Foi também no contexto dos festivais que se plantou a semente da Tropicália, exatamente quando as canções de protesto começavam a dar sinais de sectarismo e caretice, repetindo fórmulas musicais e poéticas. Embora o movimento tenha sido enunciado em 1968, com o lançamento do álbum coletivo Tropicália ou Panis et Circensis, sua origem remonta ao Festival da Record do ano anterior, quando Caetano e Gilberto Gil apresentaram duas canções identificadas com as propostas éticas e estéticas do grupo: “Alegria, Alegria”, de Caetano, e “Domingo no Parque”, de Gilberto Gil.

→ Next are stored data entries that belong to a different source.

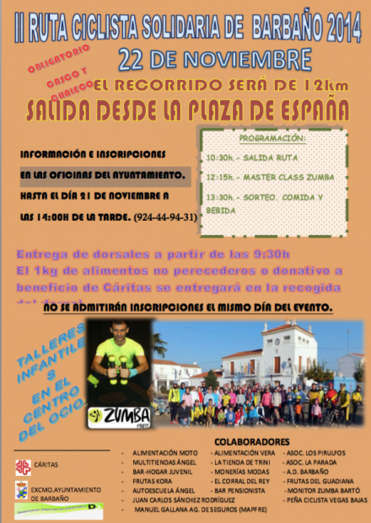 Organiza Ayuntamiento de Barbaño, Cáritas y Plan de Dinamización Deportiva de Extremadura, con la colaboración de varias asociaciones y casas comerciales.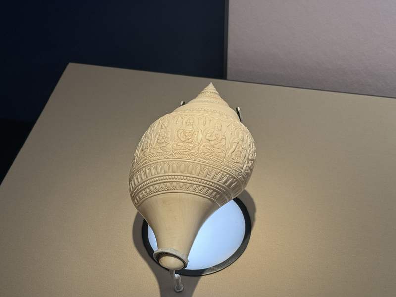 砗磲乾隆帝御题诗七佛左旋白螺,钟启明捐献。新京报记者 张建林 摄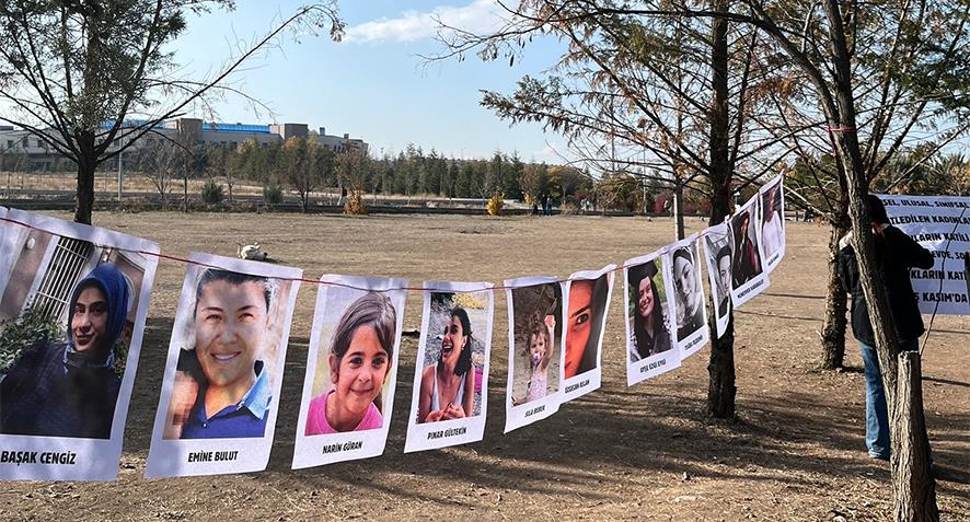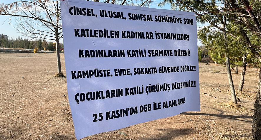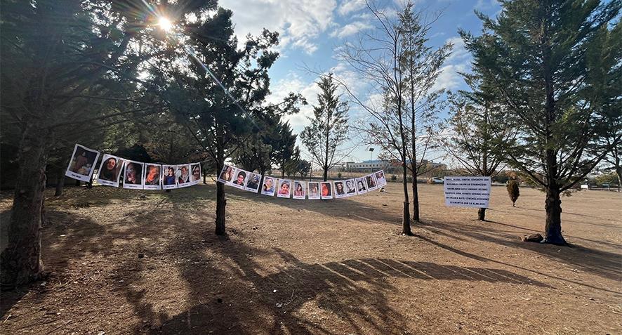 Devrimci Gençlik Birliği Ankara Üniversitesi Gölbaşı Kampüsü ve Hacettepe Beytepe Kampüsü’nde 25 Kasım Kadına Yönelik Şiddetle Uluslararası Mücadele Günü nedeniyle katledilen kadın ve çocuklar için sergi düzenledi, broşürler dağıttı.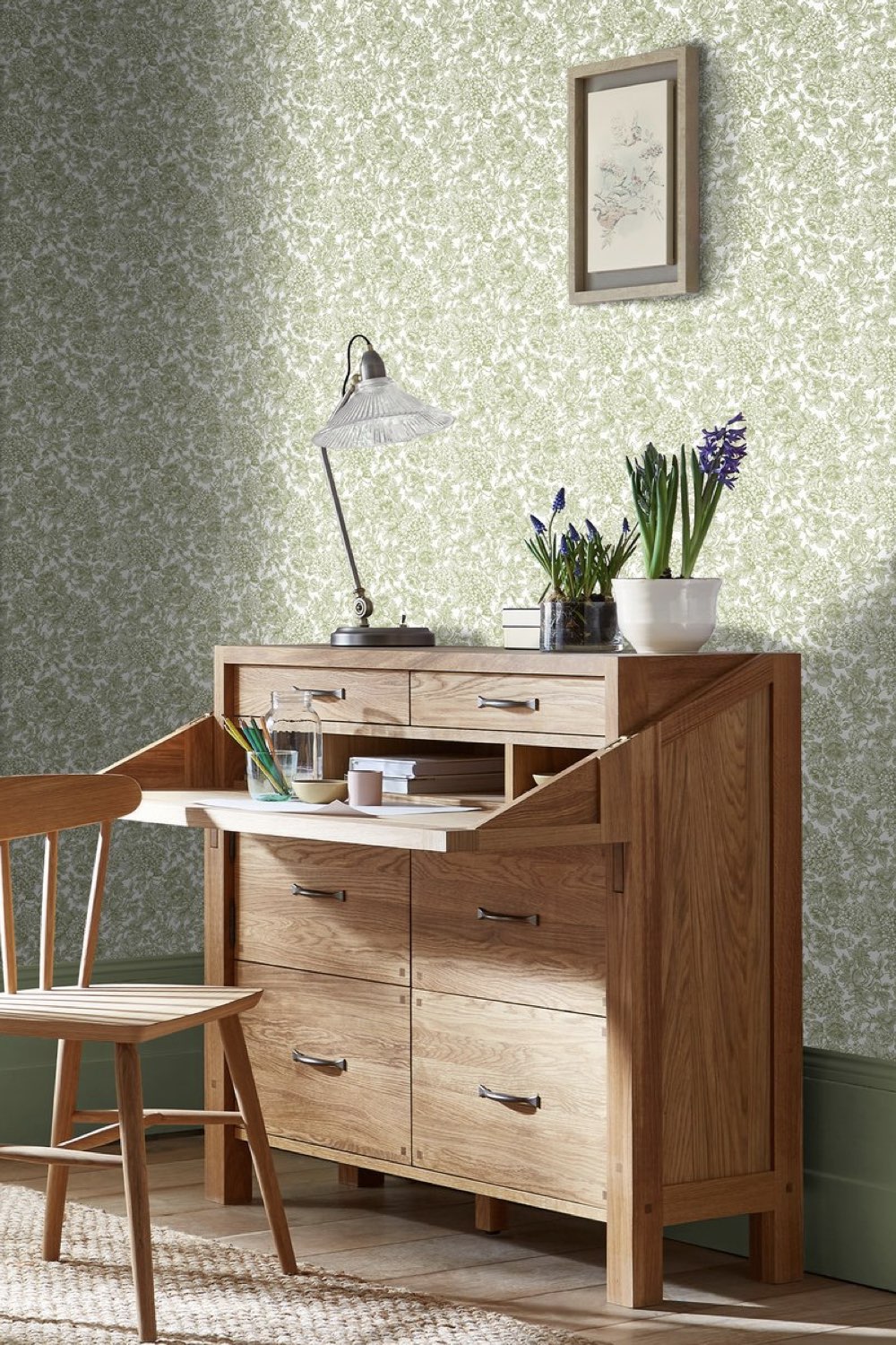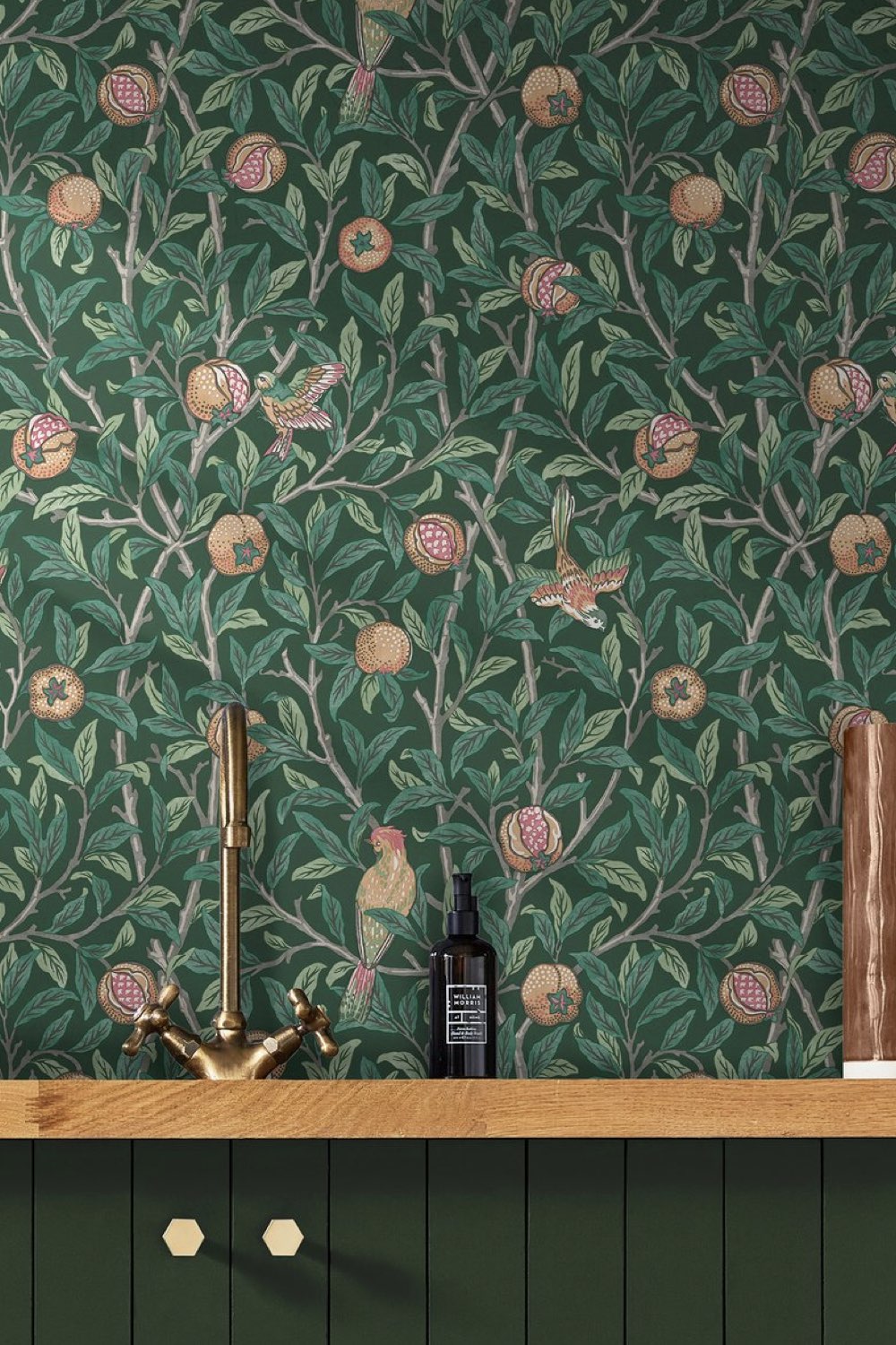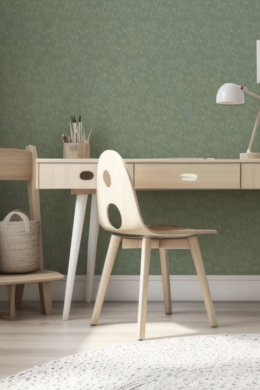 Le vert se prête bien aussi aux univers surannés. Motifs inspirés des années 70, illusion de moulure et / ou de lambris, carreaux de ciment et impressions florales inspirées de l'univers Arts & Craft. Si votre style est assez classique chic, le papier peint vert collera parfaitement à votre univers.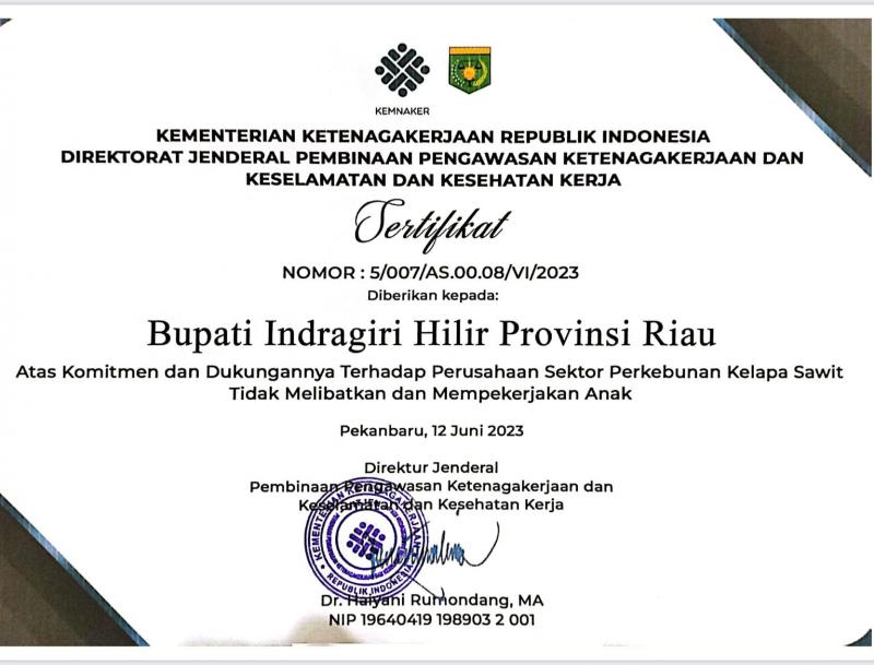 Penghargaan berupa sertifikat dengan nomor : 5/007/AS.00.08/VI/2023 dan ditandatangani Dr Haiyani Rumondang MA ini diberikan saat pencanangan Perkebunan Kelapa Sawit Terbebas dari Pekerja Anak yang ditaja Kemenaker RI secara daring dan dibuka secara langsung oleh Menteri Ketenagakerjaan (Menaker) RI Ida Fauziyah, Senin 12 Juni 2023.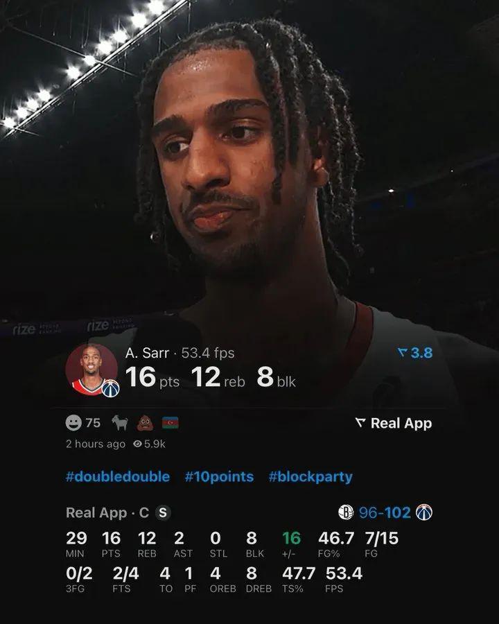 全场15中7砍下16分12篮板2助攻8封盖,封盖数创夏联历史最高记录。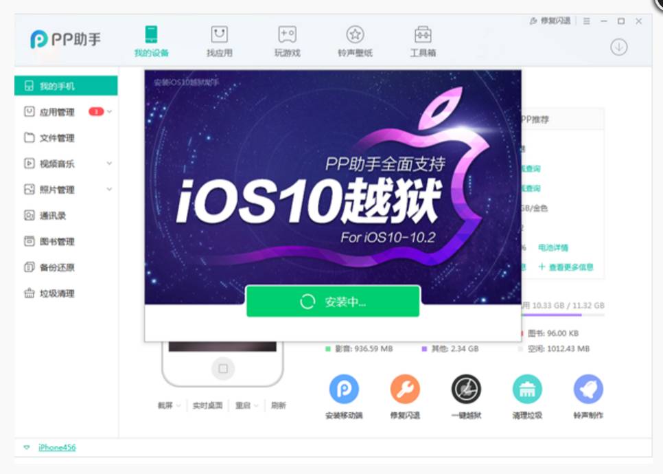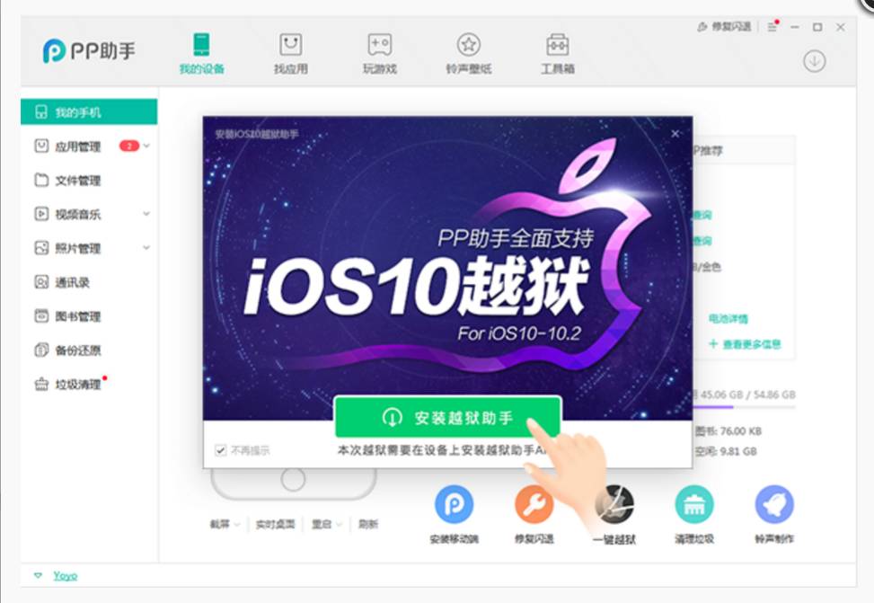 目前呢, PP 助手上支持的是 iOS10.0-10.2 越狱,当然在越狱前一定要记得给你的 iPhone 进行备份。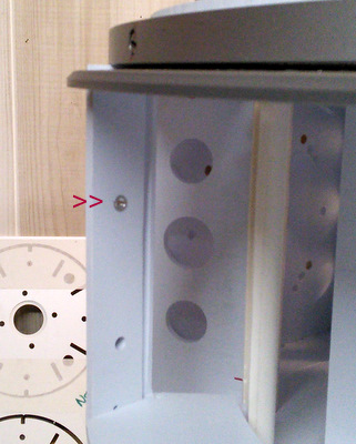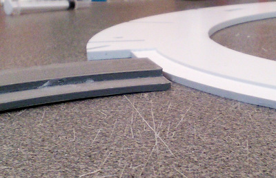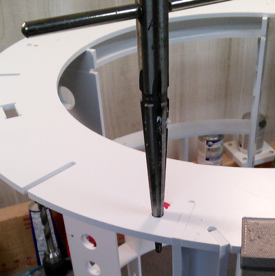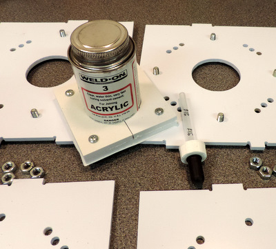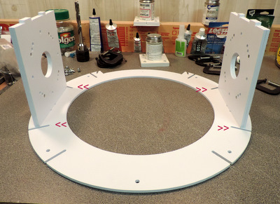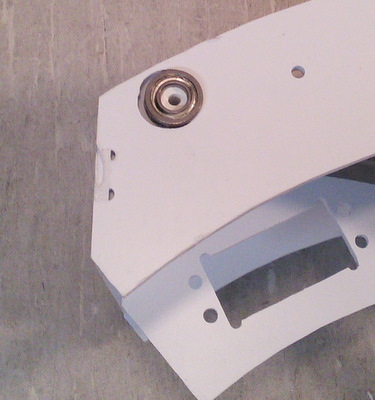 Above: The bearing mount plates with the three holes mount to the top & bottom rings of the arm box (note the matching 3 holes in the arm box top & bottom) Right: file off any excess glue that might be on the inside edges of the joint. It will prevent the bearing rings from bonding to the top/bottom rings. |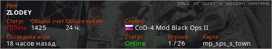 Играет на Call of Duty 4: Modern Warfare сервере. Страна: РоссияПервый раз замечен 18:49 12.11.2023
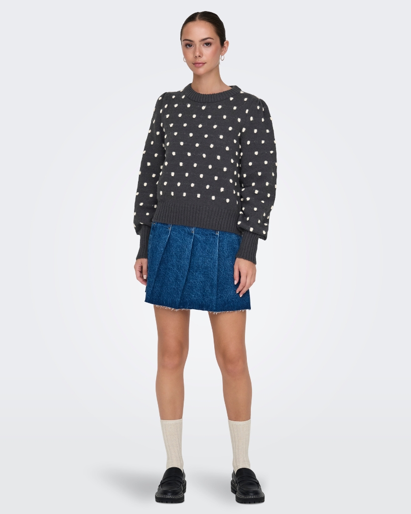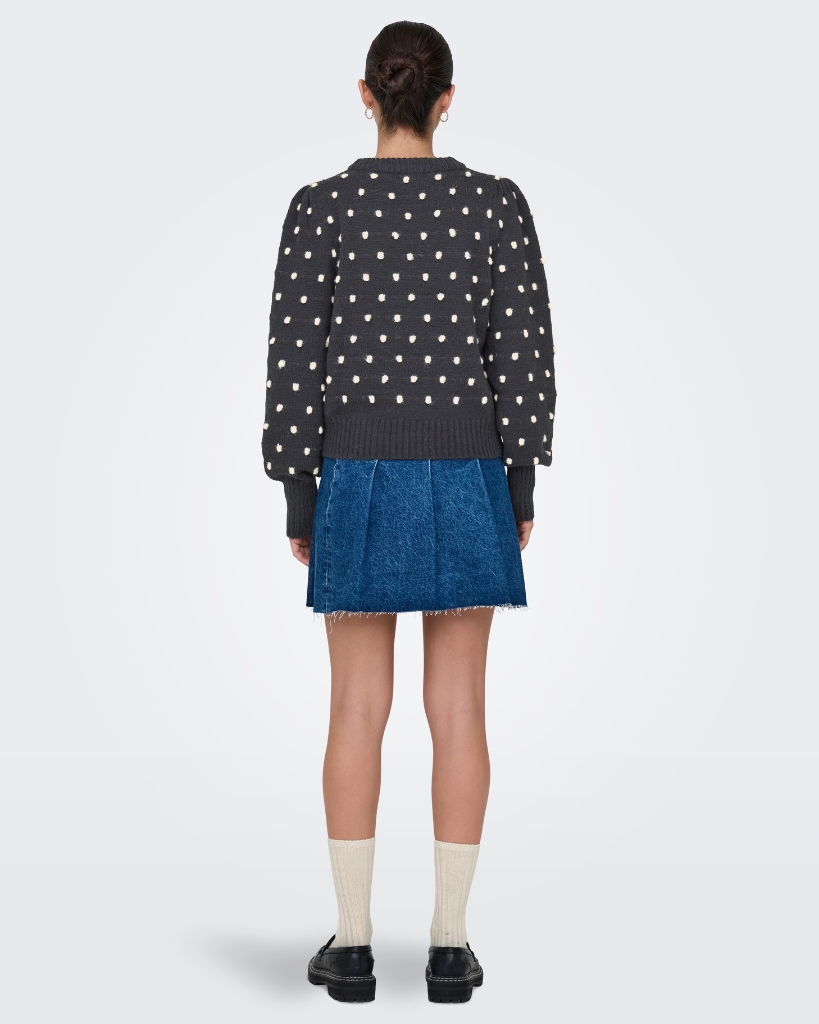 Blød strik i mørkegrå med hvide 3D-prikker. Den rundhalsede model har et feminint og hyggeligt udtryk, og de ribbede kanter giver en flot finish.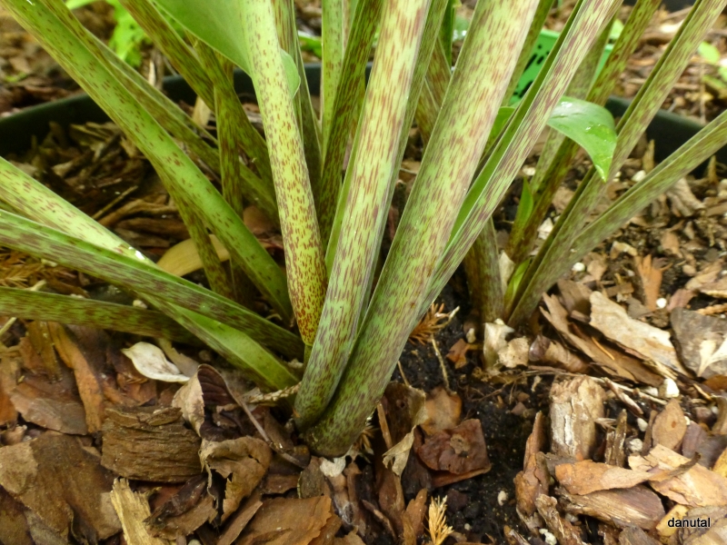 Rozmiar: M (wysokość około 35-40 cm) Liście: ciemnozielone, błyszczące, dobrej substancji o białym spodzie i lekko falujące Kwiaty: lawendowe na czerwono nakrapianych łodygach Zalecane stanowisko: od słońca do cienia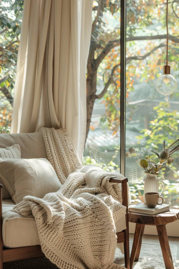 To enhance the ambiance, consider adding a delicate floor lamp or string lights, casting a warm, inviting glow. Surround yourself with greenery—succulents or potted plants can breathe life into your corner while promoting tranquility.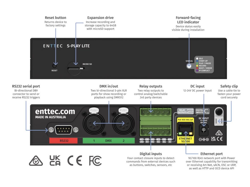 - Nahrát je možné až 16 DMX výstupů za pomocí sACN, Art-Net nebo dvou fyzických obousměrných výstupů

Nelas, surgiam alguns elementos formadores do tropicalismo, como a preferência por letras descritivas e cinematográficas, o uso de guitarras elétricas em conjunção com instrumentos afro-brasileiros (coisa que os nacionalistas consideravam acintosa), e versos que citavam produtos industriais e ícones da cultura de massa, como em “eu tomo uma coca-cola”.
Sua consagração veio no ano seguinte, o interminável ano de 1968, quando as notícias que desembarcavam de Paris sugeriam novas formas de engajamento, uma nova atitude diante da revolução. A pauta da liberdade política somava-se agora a outras pautas, essencialmente comportamentais, nas quais o conceito de liberdade extrapolava os contornos dos direitos civis para alcançar os direitos individuais. Liberdade sexual, liberdade de escolhas, liberdade para usar drogas ou meter uma guitarra distorcida no meio de um samba, tudo isso começou a virar do avesso a estética gasta que predominava nas canções de protesto.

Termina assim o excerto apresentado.